What Leaders Should Know About Measuring AI Project Value

Most AI/machine learning projects report only on technical metrics that don’t tell leaders how much business value could be delivered. To prevent project failures, press for business metrics instead.

Eric Siegel February 07, 2024 Reading Time: 11 min

Topics

“AI” can mean many things, but for organizations using artificial intelligence to improve existing, large-scale operations, the applicable technology is machine learning (ML), which is a central basis for — and what many people mean by — AI. ML has the potential to improve all kinds of business processes: It generates predictive models that improve targeted marketing, fraud mitigation, financial risk management, logistics, and much more. To differentiate from generative AI, initiatives like these are also sometimes called predictive AI or predictive analytics. You might expect that the performance of these predictive ML models — how good they are, and how much value they deliver — would be front and center. After all, generating business value is the whole point.

But you would be wrong. When it comes to evaluating a model, most ML projects report on the wrong metrics — and this often kills the project entirely.

Get Updates on Leading With AI and Data

Get monthly insights on how artificial intelligence impacts your organization and what it means for your company and customers.
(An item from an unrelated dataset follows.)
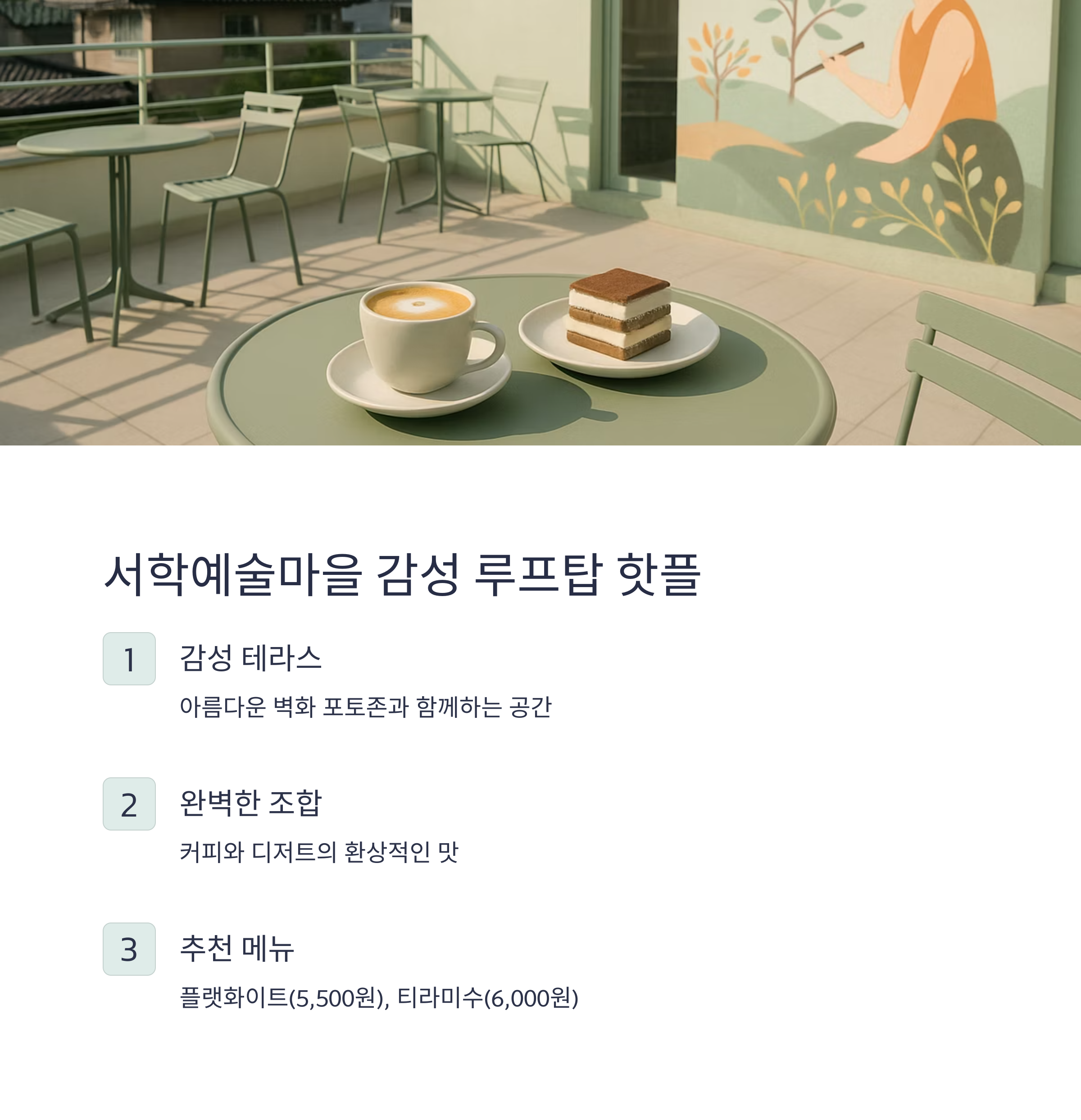 | 오후 12시 | 루프앤테라스 | 감성 커피 + 디저트 |

Please enter a valid email address

Thank you for signing up

In this article, adapted from The AI Playbook: Mastering the Rare Art of Machine Learning Deployment, I’ll explain the difference between technical and business metrics for benchmarking ML. I’ll also show how to report on performance in business terms, using credit card fraud detection as an example.
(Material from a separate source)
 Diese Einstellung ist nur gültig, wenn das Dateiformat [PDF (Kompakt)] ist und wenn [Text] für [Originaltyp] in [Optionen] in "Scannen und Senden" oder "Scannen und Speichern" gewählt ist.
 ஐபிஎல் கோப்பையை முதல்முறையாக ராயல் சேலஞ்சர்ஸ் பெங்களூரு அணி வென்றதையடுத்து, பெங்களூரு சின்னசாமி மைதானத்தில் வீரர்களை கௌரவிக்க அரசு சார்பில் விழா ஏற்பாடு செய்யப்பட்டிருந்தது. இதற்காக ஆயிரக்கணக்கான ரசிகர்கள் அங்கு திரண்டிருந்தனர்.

Why Business Metrics Must Come First

When evaluating ML models, data scientists focus almost entirely on technical metrics like precision, recall, and lift, a kind of predictive multiplier (in other words, how many times better than guessing does the model predict?). But these metrics are critically insufficient. They tell us the relative performance of a predictive model — in comparison to a baseline such as random guessing — but provide no direct reading on the absolute business value of a model. Even the most common, go-to metric, accuracy, falls into this category. (Also, it’s usually impertinent and often misleading.)

Instead, the focus should be on business metrics — such as revenue, profit, savings, and number of customers acquired. These straightforward, salient metrics gauge the fundamental notions of success. They relate directly to business objectives and reveal the true value of the imperfect predictions ML delivers. They’re core to building a much-needed bridge between business and data science teams.

Unfortunately, data scientists routinely omit business metrics from reports and discussions, despite their importance. Instead, technical metrics dominate the ML practice — both in terms of technical execution and in reporting results to stakeholders. Technical metrics are pretty much the only kind of metric that most data scientists are trained to work with and most ML tools are programmed to handle.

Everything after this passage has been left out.